The one. Your true love. Your soulmate. Some say that when you meet your soulmate, you will be weak at the knees, become dizzy, and feel completely out of control. Wild isn’t it? The Buddhists, for example, in all their serenity, say you will be at your calmest and most Zen when you’re with your soulmate. Others believe a soulmate is merely a suitable life partner who you can share and enjoy similar life interests with.
“Love is the greatest refreshment in life.” – Pablo Picasso.
You need to first accept love and understand what it means before you can be ready to find your soulmate. Let love be free and without expectations. Love is not complicated, but the problem is that we feel the need to romanticize it. When you idealize something, it will make it seem more appealing than it really is; thus, making it unrealistic and potentially unattainable. You can become demoralized and disappointed when you eventually realize that love isn’t even close to the image that you painted in your head.
“I don’t think that love is the same for everyone. Love is what you want it to be. If you find it, cherish it, because it will teach you how to forgive and love each other for real.”
This advice was given by a dear friend while we were hanging out in the city one day, enjoying each other’s company. Tragically, she passed away a few days later, but her advice on love has been seared into my mind, and I still remember the wise words she told me to this day. I firmly believe that love is what you want it to be; it is something elegant and classic that needs to grow naturally. It can’t be forced, so give it all the space and time it needs, and then embrace and cherish love when you find it.

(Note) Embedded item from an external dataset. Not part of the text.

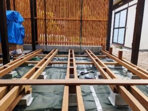 柱や根太もアマゾンアンジェリーナにしたのですがあとで考えてみると加工が容易で廉価なホワイトウッド等にして腐食防止用の塗料を塗れば良かったのかも知れません。ただ柱と根太と床板が醸し出す一体感、重厚感は異なるような気もします・・・自己満足の境地。

Her words that night proved to be a key stepping stone for my journey in finding my soulmate. It was the leap of faith that I needed almost four years after my first relationship. Her view on love and all its intricacies enabled me to break away from my commitment issues, to stop following some vague depiction of how love should be, and, most importantly, to look for something I both wanted and needed.
Such as a rose, love is beautiful and holds sharp thorns that will pierce through your heart if you’re not ready to understand and accept its various appearances. Love can come to you in contrasting guises that will each serve you with a different purpose.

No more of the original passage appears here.